Suddenly, a new year and still dominated by dangerous political individuals who are leading us down a path of more wars and strife.
Are there any voices of sanity and compassion that counteract the cacophony of mad shoutings from leaders such as the American Trump, the Indian Modi, the Saudi Mohammed Bin Salman or the Burmese Aung San? Their actions are full of venom and intolerance, and instead of leadership that draws people together, they divide us by race, religion or politics.
Are there any actions we can take as individuals to counteract feelings of helplessness?
To start with, I think we need to look for alternative narratives from those we receive from these leaders. For example, in contrast to Trump’s rallying call to make America great again, there is another version on the hopes for America in a poem by the African American poet Langston Hughes (1935) “Let America be America again.”
Hughes was part of the Harlem Renaissance of the 1920s.
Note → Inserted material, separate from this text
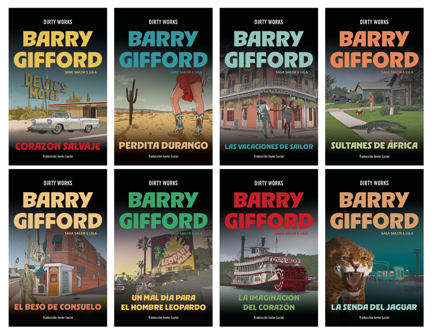 La editorial Dirty Works consiguió los derechos de toda la saga y la está publicando de manera paulatina aunque el trabajo del diseñador gráfico pozoalbense puede verse ya en su totalidad. El primer libro, Corazón salvaje, salió en septiembre; el segundo, Perdita Durango, en octubre; y el tercero, Las vacaciones de Sailor, lo ha hecho en el recién estrenado mes de noviembre. A lanzamiento por mes, los amantes de la saga la completarán en junio de 2026, pero las portadas ya están en la calle.

His poem speaks of the lives and hopes of those who are dispossessed and who did not gain from the “American dream.” The refrain is, “America never was America to me.”
Parts of the poem follow:
(America never was America to me.) …
… Say, who are you that mumble in the dark?
And who are you that draws your veil across the stars?
I am the poor white, fooled and pushed apart,
I am the Negro bearing slavery’s scars.
I am the red man driven from the lands,
I am the immigrant clutching the hope I seek —
and finding only the same old stupid plan
Of dog eat dog, of mighty crush the weak. …
O let America be America again —
The land that never has been yet —
and yet must be — the land where every man is free. …
What is to be done by those of us who still seek meaning in our lives through faith, and how can a simple Muslim counteract the message of intolerance and rigidity, being funded by states such as Saudi Arabia or brutal groups such as ISIS? What about the same intolerance being preached by some Christians, Hindus and Buddhists?
It seems the practice of religions does not always lead to peace or tranquillity for many of us. Religion becomes another tool for suppressing others.
Why can’t Muslims pay heed to those teachings of our religion that are gentle instead of practising violence against others? Contrary to what some Muslims said, there is an acceptance of diversity in Islam, as shown in this verse:
“We have appointed a law and a practice for every one of you. Had God willed, God would have made you a single community, but God wanted to test you regarding what has come to you. So, vie with each other in doing good. Every one of you will return to God who will inform you regarding the things about which you differed.”
The source of hope for me is the individuals in my life — my loving, caring family, friends, and, yes, at times kind strangers. To have time with them is such a comfort as they lift me up and sustain me when I am down. However, no one can disregard the ills of the world nor wash away the evil men do to each other, but there are glimmers of hope!
In response to my question regarding any meaning to one’s life, one of the friends referred me to a quote from Virginia Woolf’s book, “To the Lighthouse.”
Woolf addresses the question: “What is the meaning of life? That was all — a simple question; one that tended to close in on one with years. The great revelation had never come. … Instead, there were daily little miracles, illuminations, matches struck unexpectedly in the dark.”
Let us concentrate on the “daily illuminations, matches struck unexpectedly in the dark,” and not be as pessimistic as T.S. Eliot, who writes that: “This is the way the world ends … not with a bang but a whimper.”
Maybe we are destroying the world, but until then, we can continue actively practising loving deeds rather than destructive ones. We do have a choice.